Williams ate lunch with Rubio a few times a week. They talked about politics and their careers, and he remembers that Rubio saw supporters everywhere.

 

“I just remember Marco speaking with a great deal of confidence that he could secure the African-American vote,” Williams said.

 

Williams said he was surprised by that confidence. Williams grew up in Miami Gardens, where the population is almost 80% African-American, and had seen no “authentic engagement” from Rubio in that area.

 

Still, after a short stint on the West Miami City Commission, Rubio was elected to the State House where he eventually rose to become Speaker.

 

In 2010, Rubio rode the tea party wave into the U.S. Senate, beating Florida’s then-Governor, Charlie Crist.

 

Taking Heat on Immigration

 

As a Senator, Rubio gained national attention in 2013 as a member of a bipartisan group called the “Gang of Eight.” The group devised a compromise immigration bill, providing for more border security and a way for some undocumented immigrants to apply for permanent residency.

 

The bill passed in the Senate, but Rubio did not actively campaign for it after that.

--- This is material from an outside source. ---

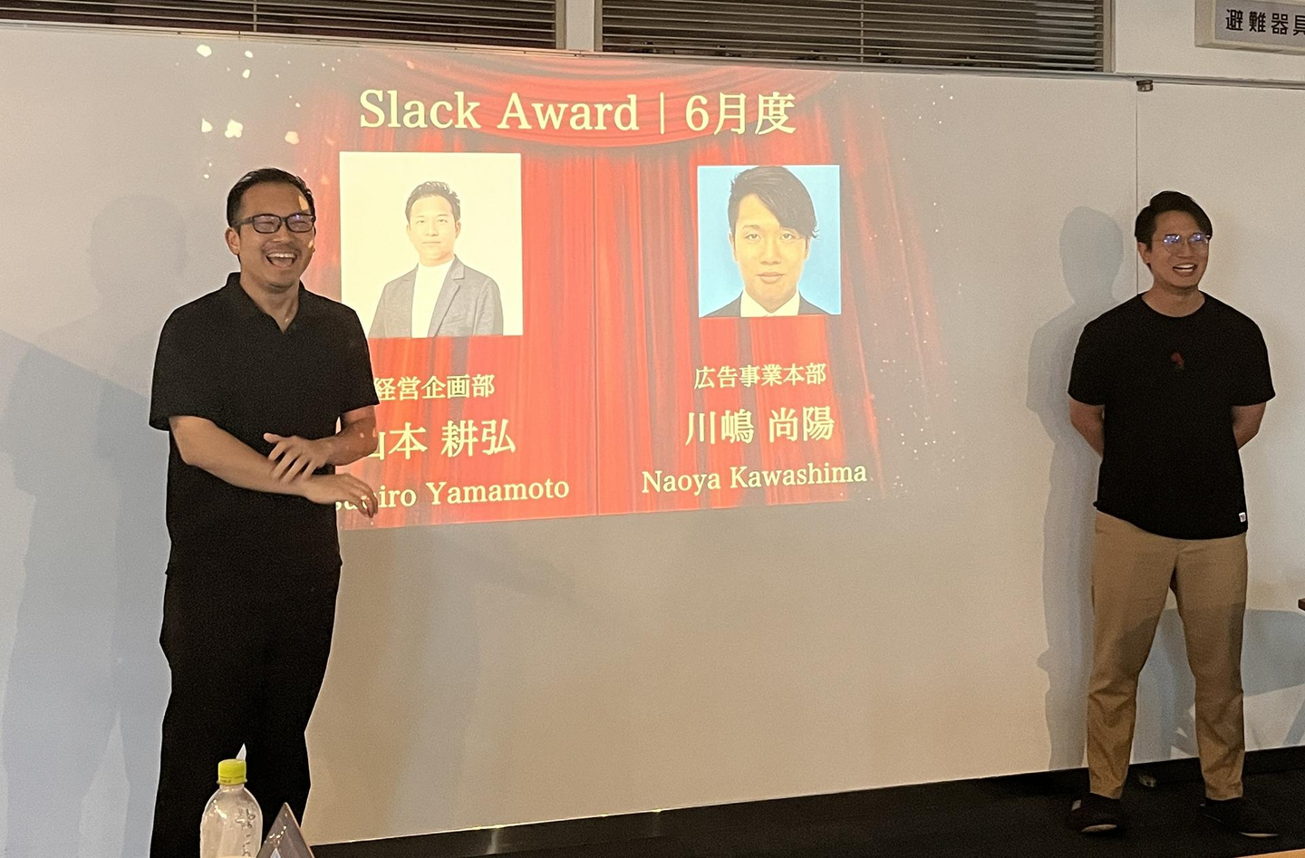 2024年度上半期のSlack Awardは、同率で2名!経営企画部の山本さんと広告事業部の川嶋さんでした✨

It never came to a vote in the House.

 

Rubio is still taking heat for that, especially in largely Hispanic Miami.

 

In early July, a group of activists visited his Doral office carrying a box of flip-flops.

 

 

“He supported immigration reform until it was inconvenient for him, and he turned his back on our community,” said activist Thomas Kennedy, originally from Argentina.

 

Thinking big in the classroom

 

Rubio did not respond to requests for an interview, but Dario Moreno bristles at accusations that the Senator has been untrue to his Hispanic heritage. Moreno, who is also Cuban-American, is a professor of political science at Florida International University.  He has known Rubio for 20 years and co-taught classes with him from 2009 to 2015.  

 

He says Rubio is a big-ideas guy and often reflected on the work of the university.

 

“I’ll tell you what intrigues him: the future of higher education. Are universities really preparing our students?” Moreno said.

 

He said he also talked with Rubio about issues involving technology and national defense, as well as President Obama’s use of data and social media in his campaigns.

 

Moreno believes Rubio is a gifted political leader.

 

“Marco has an inherent understanding of politics, of public opinion,” Moreno said, “of what motivates people.

 

After 18 years in public office, Marco Rubio has decided he isn’t ready to leave that life quite yet. He wants to take his briefcase back to Washington.